The Colonel Avery Morgan House, at 219 South Main Street in Colchester, was built around 1824. Col. Morgan, born in 1781, was originally from Groton. He was a carpenter, merchant and farmer, who also served in the War of 1812 in the defense of New London. In 1802, he married Jerusha Gardner. Their first two children were born in Groton (they also lived for a time in Bozrah) and the other five children were born in Colchester, which they moved to in 1807. They later moved to Hartford, where Col. Morgan died in 1860 and his widow in 1861. The Colonel Avery Morgan House in Colchester is now a branch of Liberty Bank.
George Jewett House (1803)
The Thomas Millard House is on Main Street in Essex. Millard carved ship’s figureheads and built several houses, including his own in 1803. In 1814, the house was sold to George Jewett, a lawyer and town clerk, who commanded the Potapoug Militia during the 1814 British raid on Essex.
Elkanah Cobb House (1769)
The Elkanah Cobb House, on Water Street in Stonington Borough, is one of the oldest in town. Built in 1760s, the Cobb House is a one-and-a-half story structure with a gambrel roof and unusual 9 over 6 sash windows. Cobb was the owner of the house at the time when Stonington was bombarded by British ships on August 19, 1814 during the War of 1812. According to The Homes of our Ancestors in Stonington, Conn., by Grace Denison Wheeler (1903), the house “stood in the thick of the fight near the [American] battery, and so has many scars received during the bombardment.” Benson J. Lossing visited Stonington in 1860 and mentions the house in his Pictorial Field-Book of the War of 1812 (1869).

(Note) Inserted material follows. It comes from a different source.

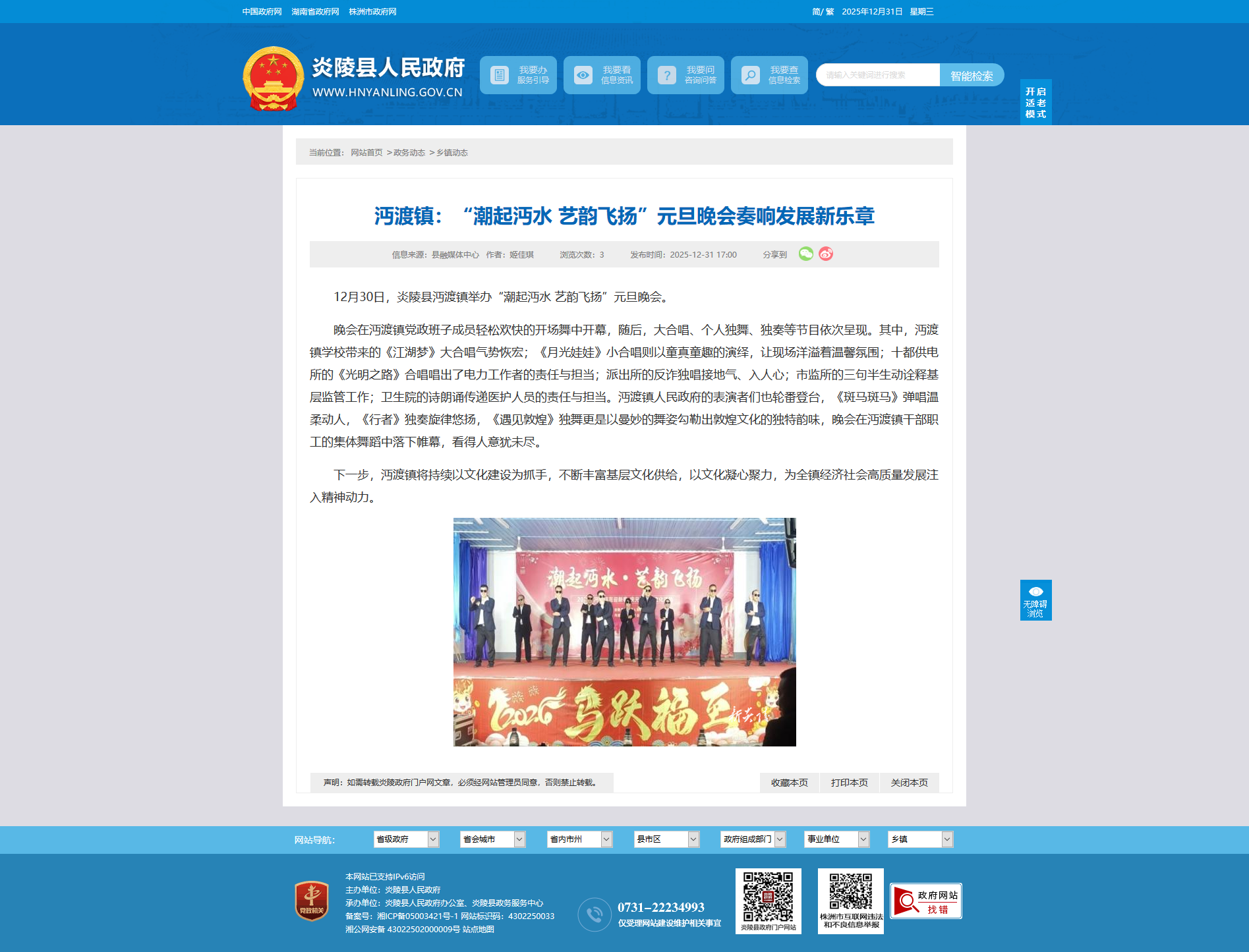 12月30日,炎陵县沔渡镇举办“潮起沔水 艺韵飞扬”元旦晚会。

The Capt. Amos Palmer House (1787)
The Capt. Amos Palmer House is located on Main Street in Stonington Borough. The house was built by Amos Palmer in 1787, replacing his earlier home on the same site, which had burned down when a barn on an adjoining property caught on fire. When a British cannonball hit the house during the War of 1812, Capt. Palmer waited until it had cooled and brought it to the fort to be returned to its sender! From 1837 to 1840, the house was occupied by Anna Matilda McNeill Whistler, whose sister was married to Dr. George E. Palmer of Stonington, and her family. Her husband, the engineer Major George Washington Whistler, was working on the Providence to Stonington railroad. Their son, the artist James McNeill Whistler, was a child at the time. He later painted the famous portrait of his mother in 1871. The family frequently revisited the house. In the twentieth century, it was the home of the poet, Stephen Vincent Benét, and later the Canadian artist, author and filmmaker, James Houston.